The intrinsic T tensor for [L^tBu,iPr2FeH]⁻ has the near-axial symmetry expected for a terminal hydride ligand, suggesting that the K⁺•••H interaction does not greatly influence the Fe-H bond. A point-dipolar Fe-H distance calculated from T (1.85 Å) is close to the crystallographic distance of 1.76 ± 0.08 Å.^[33] The agreement between the crystallographic and ENDOR analyses validates the ability of ENDOR to reveal the presence of a terminal Fe-H in metalloenzyme intermediates where other forms of characterization are difficult or impossible.
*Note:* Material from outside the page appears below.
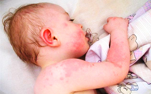 - Герпес 6 типу. Вірус герпесу 6 типу у дітей викликає розеолу, або раптову екзантему. Це захворювання також називають псевдокраснухой. Характерний симптом - рожеві дрібні папули на шкірі, які при натисканні бліднуть. На початку захворювання піднімається температура, але немає ні кашлю, ні нежиті. Дитина швидко одужує. Герпес 6 типу у дітей нерідко вводить лікарів в оману: начебто було гостре початок, підвищення температури, але ніяких катаральних ознак не було. Спочатку ставиться діагноз ГРВІ або ГРЗ, і тільки після появи висипу виникають підозри: краснуха це або розеола? Часто висип при раптової екзантеми плутають з алергічними висипаннями.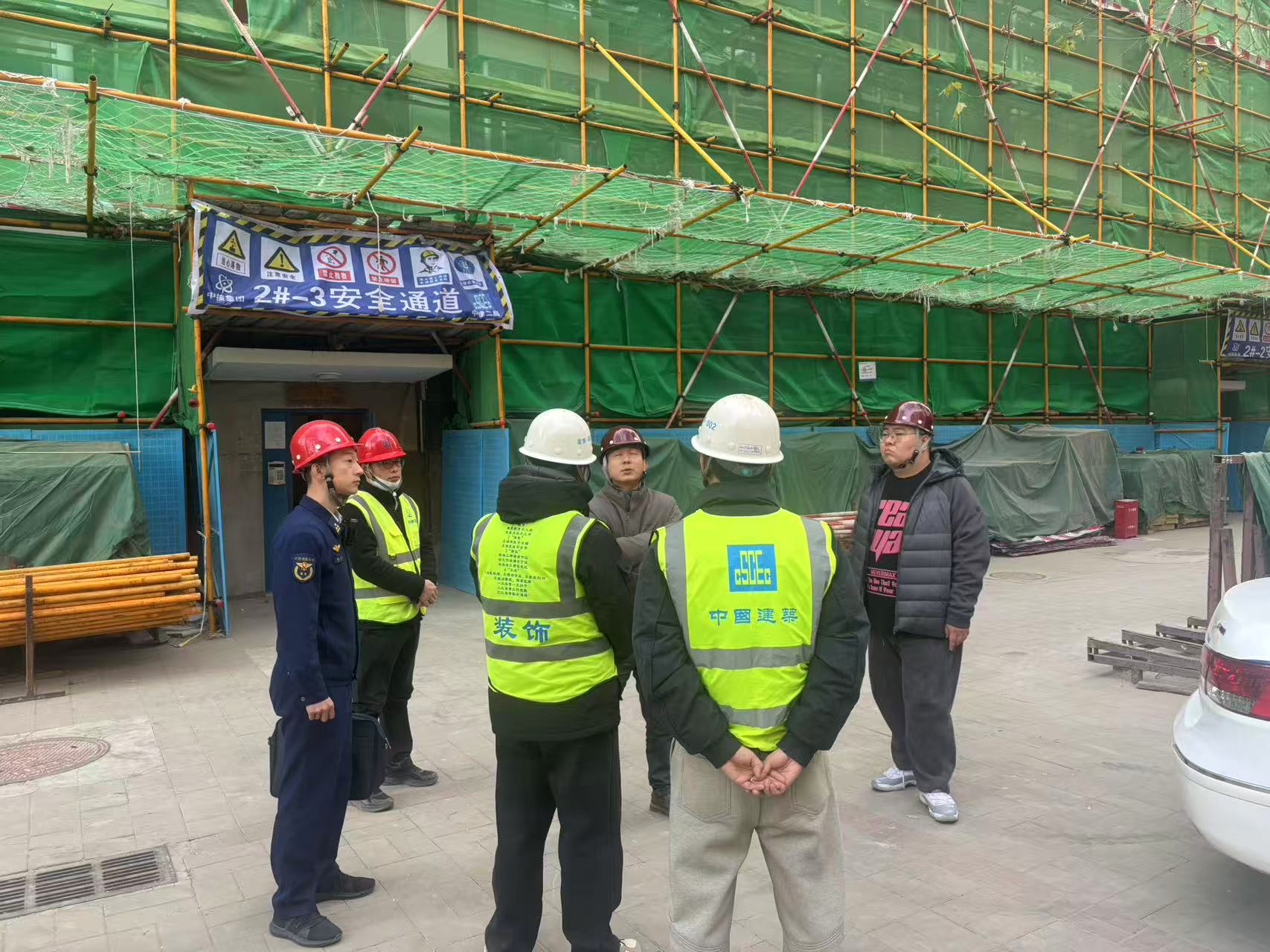 检查人员针对人员密集场所施工特点,围绕消防安全、临建房屋安全管理、人员资质等重点环节对项目进行了逐一指导,并对消防安全管理人员在岗情况、动火作业管理制度、可燃物清理情况进行询问并提出工作建议。

Thus, a negative overall charge and steric encumbrance enable the isolation of high-spin, 13-electron iron(I) hydride complexes with only three bonds to the metal ion. The very electron-rich metal center is partially stabilized by backbonding into the β-diketiminate ligand. These complexes allow the first ENDOR characterization of a crystallographically defined Fe-H bond. These results may be compared to the recent spectroscopic characterization of a five-coordinate S = 1/2 molybdenum(III) hydride.^[12] The anisotropic interaction tensors T for the two complexes are very similar, with a modestly larger value for T_max of [L^tBu,iPr2FeH]⁻ reflecting the shorter Fe-H bond. The value of a_iso for Fe-H is almost twice that for the Mo-H, upon correction for a factor 1/S in the definition of a_iso. Because the molybenum complex has yet to be crystallographically characterized, the differences in structure and bonding that give rise to this difference in a_iso remain unknown. However, the two studies combined suggest that the key signature for a terminal metal-bound hydride is independent of the metal ion involved (Mo, Fe), its local symmetry (C_3v, C_2v), or spin state (S = 1/2, 3/2). This signature is a large, axial anisotropic interaction, combined with a large isotropic coupling of the opposite sign as the unique anisotropic element. Recognizing this signature will be useful for the identification of terminal hydrides in biological systems.